US Pat. No. 6,555,543 US Pat. No. 7,732,403 US Patent Application Publication No. 2013 / 0090292A1

  Thus, the potential therapeutic use of DKP to treat human autoimmune diseases and other disorders, and the importance of albumin to treat hypoalbuminemia, hypovolemia and various other disorders. When considered, both a high quality therapeutic DKP composition and a high quality albumin resuscitation fluid are needed. The present disclosure relates to a method for producing both of these therapeutic compositions by an efficient high yield process.

  Administration of commercially available human serum albumin (HSA) is potentially necessary in patients such as multiple trauma patients. Due to its heterogeneous nature, other components such as proteases can contribute to the therapeutic effects of commercially available HSA. One such protease, dipeptidyl peptidase IV (DPP-IV), can release the known immunomodulatory molecule aspartate-alanine diketopiperazine (DA-DKP) from the N-terminus of albumin. For example, Cohn fractionation indicates that the prepared commercial HSA solution has DPP-IV activity.

  One aspect of the present disclosure is the production of DKP, eg, DA-DKP. In certain embodiments, DA-DKP is produced from albumin in the presence of DPP-IV. In certain embodiments, the DPP-IV is endogenous, eg, present in human plasma or HSA. In certain embodiments, the plasma or HSA is heated. While not wishing to be bound by any particular theory, the heating increases the concentration of DPP-IV by raising the temperature of the solution to approach the optimum temperature for DPP-IV activity and / or by thermal degradation. It is considered possible.

  Another aspect of the present disclosure is a method for treating a feed stream comprising albumin and DKP, eg, DA-DKP, to produce a composition, the method comprising a first albumin- treating the feed stream to produce a lean stream and a first albumin-rich stream, wherein the first albumin lean stream is present in the feed stream A first portion of DKP is included, and the first albumin rich stream includes a second portion of DKP present in the feed stream. The first albumin rich stream is reacted to produce additional DKP to obtain a reaction stream comprising albumin and DKP. The reaction stream is processed to produce a second albumin lean stream and a second albumin rich stream, wherein the second albumin lean stream removes a portion of DKP present in the reaction stream. And the second albumin-rich stream comprises a second portion of DKP present in the reaction stream.

  In some embodiments of the present disclosure, the albumin rich stream produced may have therapeutic value, including but not limited to treatment of hypoalbuminemia and hypovolemia. The effectiveness in is included. In some embodiments of the present disclosure, the produced albumin-lean DKP-containing stream may have therapeutic value, including but not limited to efficacy in treating inflammatory conditions. Is included.

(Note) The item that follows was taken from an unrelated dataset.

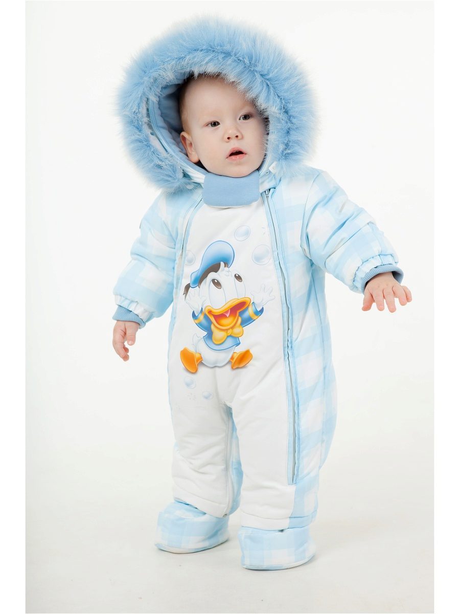 - Overalls for boys are presented by more practical color schemes. Looks stylish combination of two colors - blue and white, lilac and light green, blue and red. The transforming overalls of blue color decorated by baby Donald look spectacular.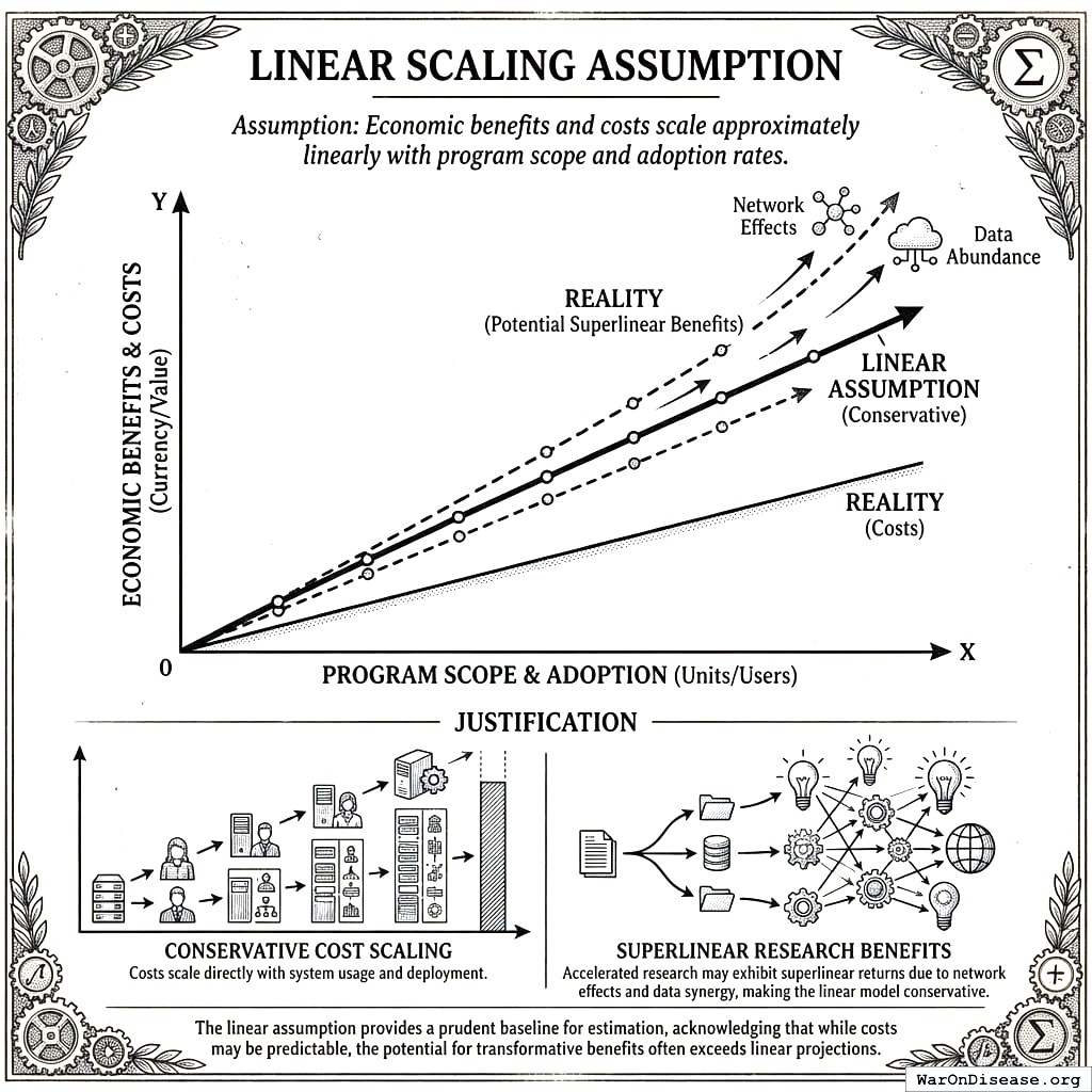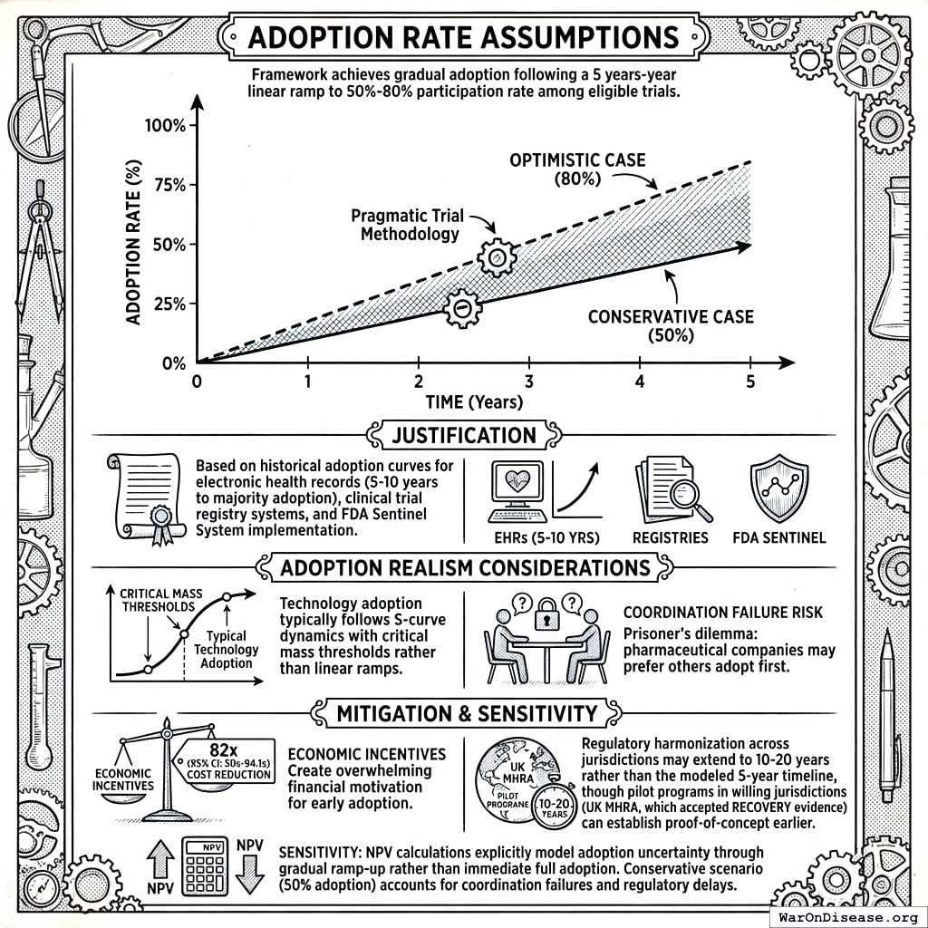 3. Crowding out effects: Do billions in new pragmatic clinical trials displace existing research funding, or does it add incrementally? Conservative assumption: fully additive. If partially substitutive (e.g., governments reduce NIH funding in response), net research increase would be lower than modeled.

  A further aspect of the present disclosure is a method for treating a feed stream comprising albumin and DKP to produce a therapeutic composition as described above, further comprising an analysis step, wherein said analysis The step includes analyzing the albumin-rich flow to obtain at least one metric, comparing the at least one metric to at least one reference value, wherein the at least one metric is If above or below the reference value, the reaction and processing steps are repeated until the at least one metric of the subsequent albumin-rich stream is below or above the at least one reference value. For example, the metric may be the amount of albumin or DA-DKP in the stream.

  A further aspect of the present disclosure is a commercial human serum albumin (“HSA”) preparation (about 50 g (g / L) albumin per liter of HSA for a 5 wt% albumin solution or about 250 g / L for a 25 wt% albumin solution The composition containing DKP having a lower albumin concentration than In some embodiments of the present disclosure, the concentration of albumin in the DKP-containing composition is less than about 250 g / L, less than about 200 g / L, less than about 100 g / L, less than about 50 g / L, about 40 g / L. Less than about 30 g / L, less than about 20 g / L, less than about 10 g / L, less than about 5 g / L, less than about 4 g / L, less than about 3 g / L, less than about 2 g / L, less than about 1 g / L, Less than about 0.9 g / L, less than about 0.8 g / L, less than about 0.7 g / L, less than about 0.6 g / L, less than about 0.5 g / L, less than about 0.4 g / L, about 0 Less than about 3 g / L, less than about 0.2 g / L, less than about 0.1 g / L, less than about 0.09 g / L, less than about 0.08 g / L, less than about 0.07 g / L, about 0.06 g / L, less than about 0.05 g / L, less than about 0.04 g / L, less than about 0.03 g / L, less than about 0.02 g / L, about. Less than 01 g / L, about. Less than 009 g / L, about. Less than 008 g / L, about. Less than 007 g / L, about. Less than 006 g / L, or about. It may be less than 005 g / L. In further embodiments of the present disclosure, the concentration of albumin in the DKP-containing composition may be about 0 g / L, or an undetectable amount.

  In some embodiments of the present disclosure, a composition comprising DKP may have therapeutic value, including but not limited to efficacy in the treatment of inflammatory conditions.

  In addition, the present disclosure provides a method for synthesizing DKP. In one embodiment, the method comprises heating mammalian plasma under conditions effective to form DKP. In certain embodiments, the method comprises contacting plasma with an enzyme that cleaves the two N-terminal amino acids of the protein or peptide under conditions effective to produce DKP. In certain embodiments, the method comprises contacting plasma with DPP-IV that cleaves the two N-terminal amino acids of the protein or peptide under conditions effective to produce DA-DKP.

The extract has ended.